== Exercise brief ==
Show all lines below holding the string "Fusillés".

______________________________

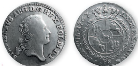
Речь Посполитая. Станислав Август Понятовский. Злотый. Варшава. Серебро. 1767 г. 26 мм

Польские медные монеты 50—70-х гг. XVIII в.
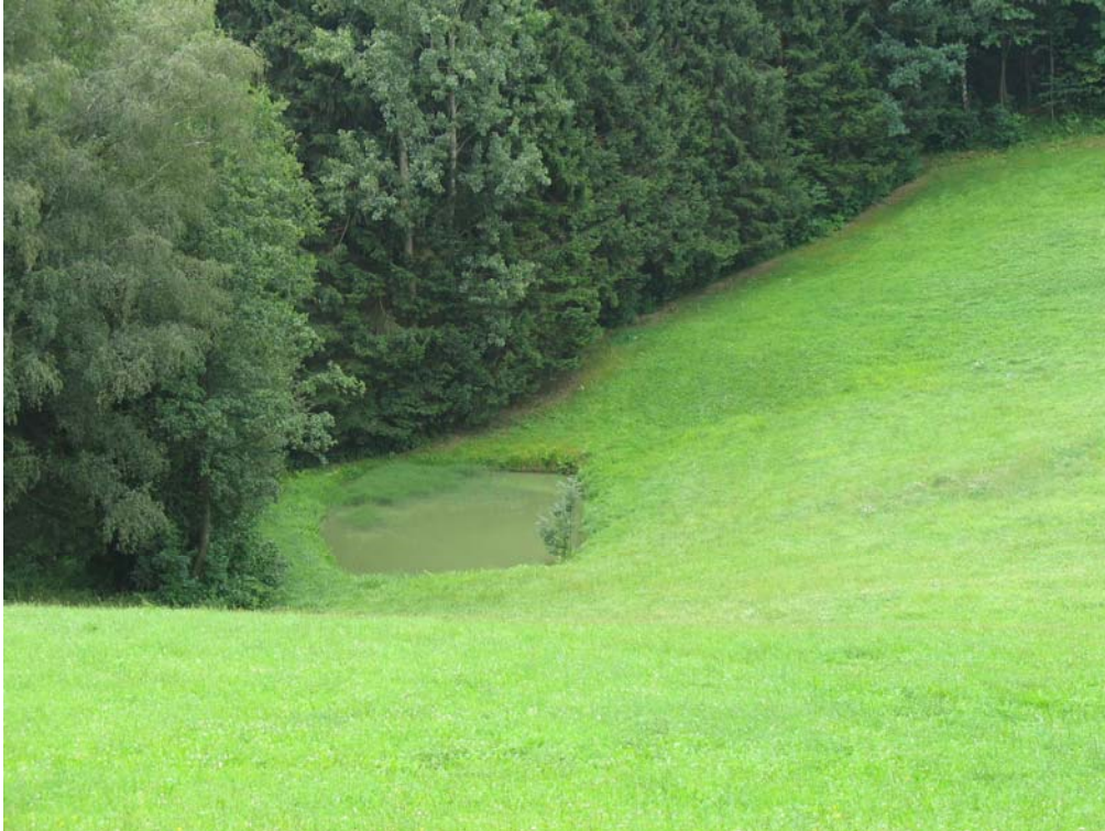
Abb. 9: Naturfernes Kleinstillgewässer westlich von Eschenau
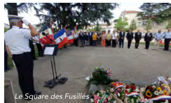
Le Square des Fusillés

C'est une cérémonie inhabituelle qui se tiendra lundi 13 avril, à 17 h, au Square des Fusillés de Portes-lès-Valence. 96 élèves gendarmes vont défilé en chanson dans les rues de Portes-lès-Valence, pour se rendre au Square des Fusillés. Sur place, ils rendront hommage au gen-
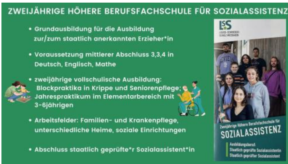
Zweijährige Höhere Berufsfachschule für Sozialassistent
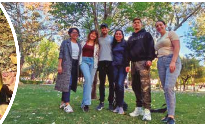
Algunos de los que se sumaron a este proyecto medioambiental.
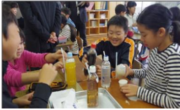
普段口にする清涼飲料水の糖分含有量の検証

そして、平成27年6月24日に開催された「食に関する指導事業・地区別研究協議会」において、山武・長生・夷隅地区の代表として研究の成果を発表しました。
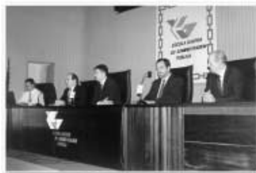
Inauguración Jornada Técnica

Colegio, se han celebrado en Lugo y Ourense dos cursos de nivel superior de Prevención de Riesgos Laborales, a los que han asistido cuatro colegiados.
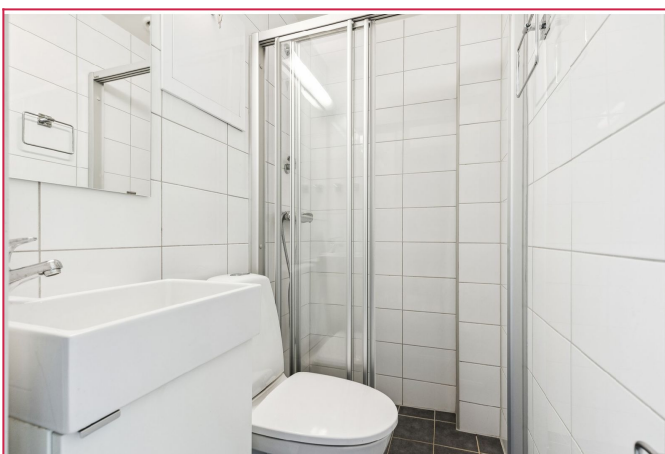
Flislagt bad med varmekabler.
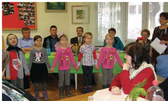
A Duna utcai óvások kedves kultúrműsorral lepték meg a tagokat

városunk polgármesterével folytatott beszélgetés is, mely során a város fejlődését érintő kérdésekről, a hatályos városi rendeletekről és a bennük foglaltak betartásáról (vagy be nem tartásáról) esett szó. Országos szinten működő szervezetről lévén szó a tagoknak megadatik a lehetőség, hogy állami hozzájárulással kirándulhassanak, rekondíciós üdüléseken vehessenek részt. Az alapszervezet él is az adott lehetőséggel, tagjai tavaly Bártfán és Pöstyénben is üdültek. A vezetőség ezeken kívül is szervez egynapos kirándulásokat a közeli tájakra, tavaly
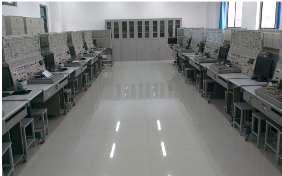
图 7-1 PLC 实训室

PLC 实训室：配有 22 套 THPF5M-1 型可编程控制器（s7-200）实训装置、计算机和投影仪。主要承担 PLC 实验和典型工作任务的一体化教学、PLC 模型演示和课程设计。
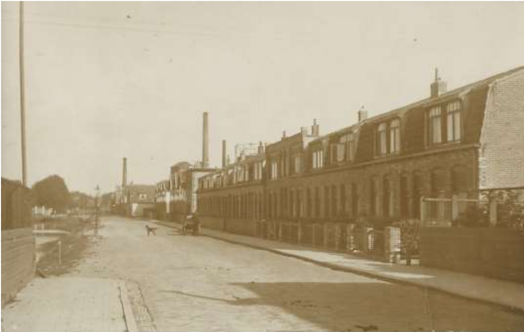
De Fabrieksgracht in oude luister. Links nog net te zien het water bij het Vinkenterrein.

In deze nieuwsbrief gaan we verder met de rubriek “Blik op het verleden van de Sluisdijkbuurt”. We nemen u mee aan de hand van oude foto’s van het Vinkenterrein maar ook van de Sluisdijkbuurt / Visbuurt. De tijd dat de Fabrieks- en Steengracht nog daadwerkelijk grachten waren en dat in de Sluisdijkstraat nog veel winkels waren gevestigd.
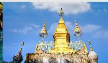
พระธาตุพูสี
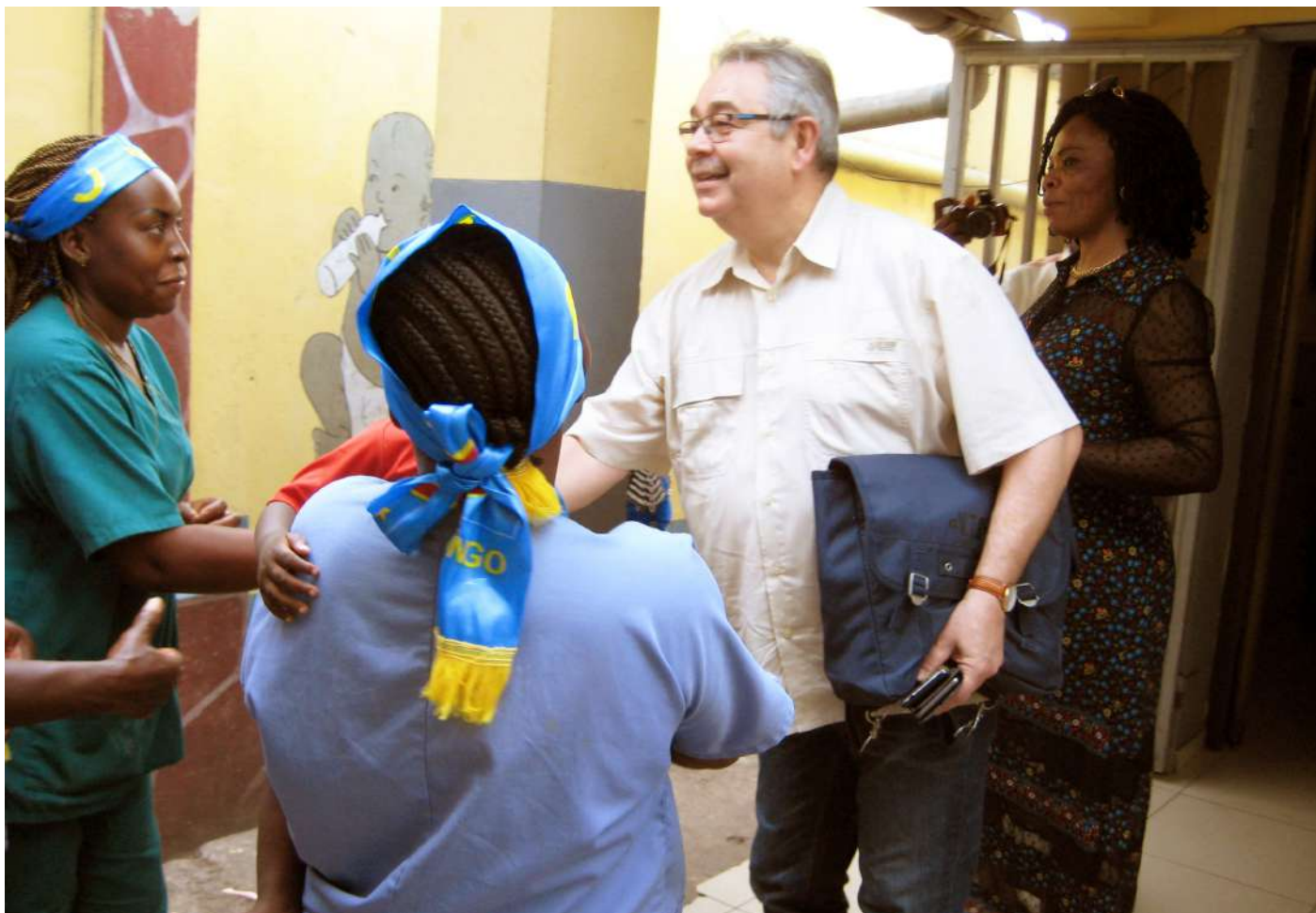
Visite du Site de l'orphelinat
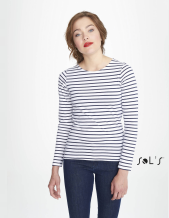
MARINE WOMEN 01403
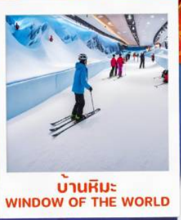
บ้านหิมะ WINDOW OF THE WORLD
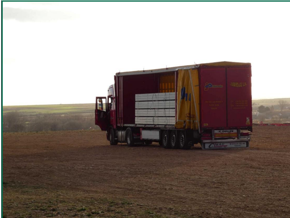
Fotografía 3. Recepción de materiales.
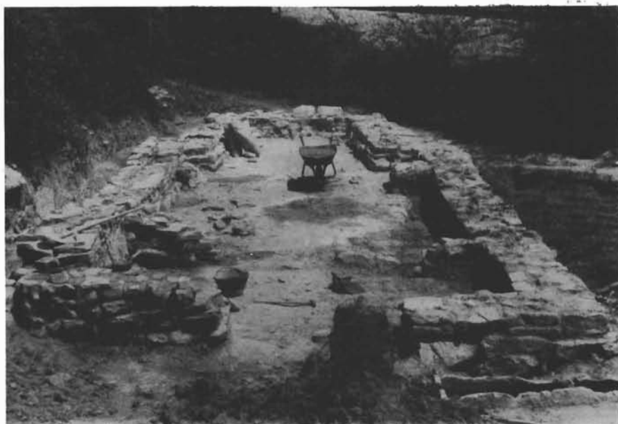
Sl. 2. Šopot-Crkvina, istražena crkva u toku konzervacije 1986. god. — Šopot-Crkvina, die erkundete Kirche während der Konservierungsarbeiten
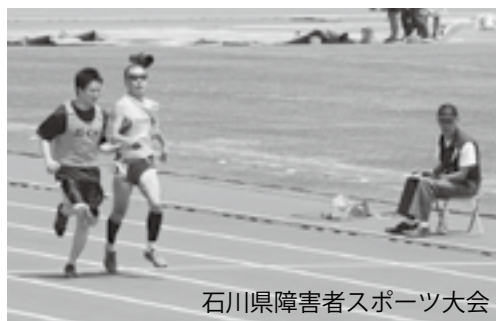
石川県障害者スポーツ大会
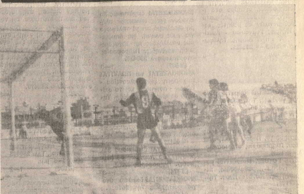
Ο Δούκας σημειώνει το πεντακάθαρο γκολ, ο διαιτητής θα ακυρώσει, χωρίς να υπάρχει λόγος!!!
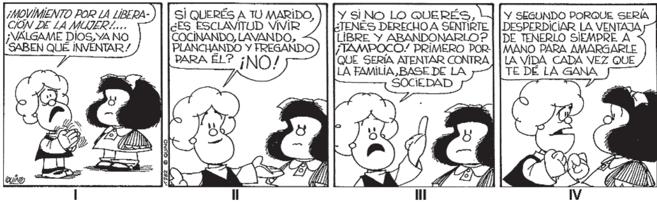
LAVADO, Joaquín Salvador (QUINO). Toda Mafalda . Barcelona: Editorial Lumen. 1992. p. 454.
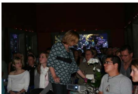
Figur 2. Irrelevant stemningsbillede fra et tidligere arrangement i DHF-regi.

Titel og forfattere formateres som i dette eksempel og teksten i fontstørrelse 12 og margener på 3,17 cm i højre og venstre side, samt 2,54 cm i top og bund må i så fald ikke overstige en A4-side.
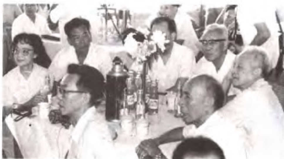
1988年9月，民盟福建省委与省政协联合邀请上海市政协文艺界代表团举行中秋对台思亲茶话会
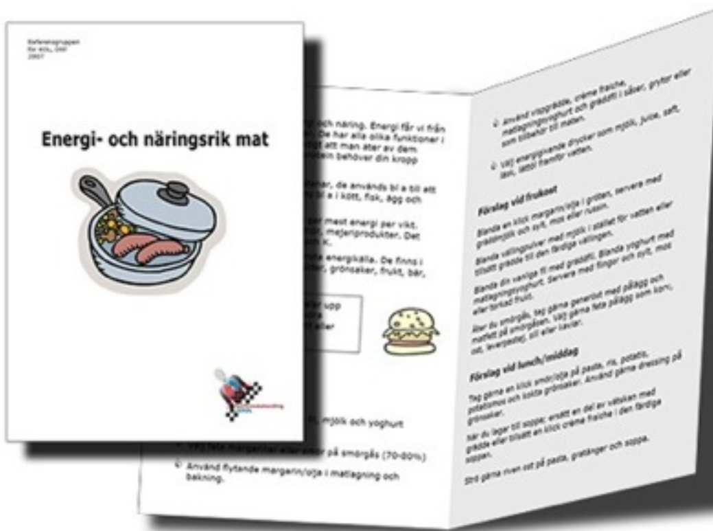
Informationsblad till patienter, både i A4-format och i ett mindre A5-bokviktningensformat

______________________________

== Completed task ==
Le Square des Fusillés
C'est une cérémonie inhabituelle qui se tiendra lundi 13 avril, à 17 h, au Square des Fusillés de Portes-lès-Valence. 96 élèves gendarmes vont défilé en chanson dans les rues de Portes-lès-Valence, pour se rendre au Square des Fusillés. Sur place, ils rendront hommage au gen-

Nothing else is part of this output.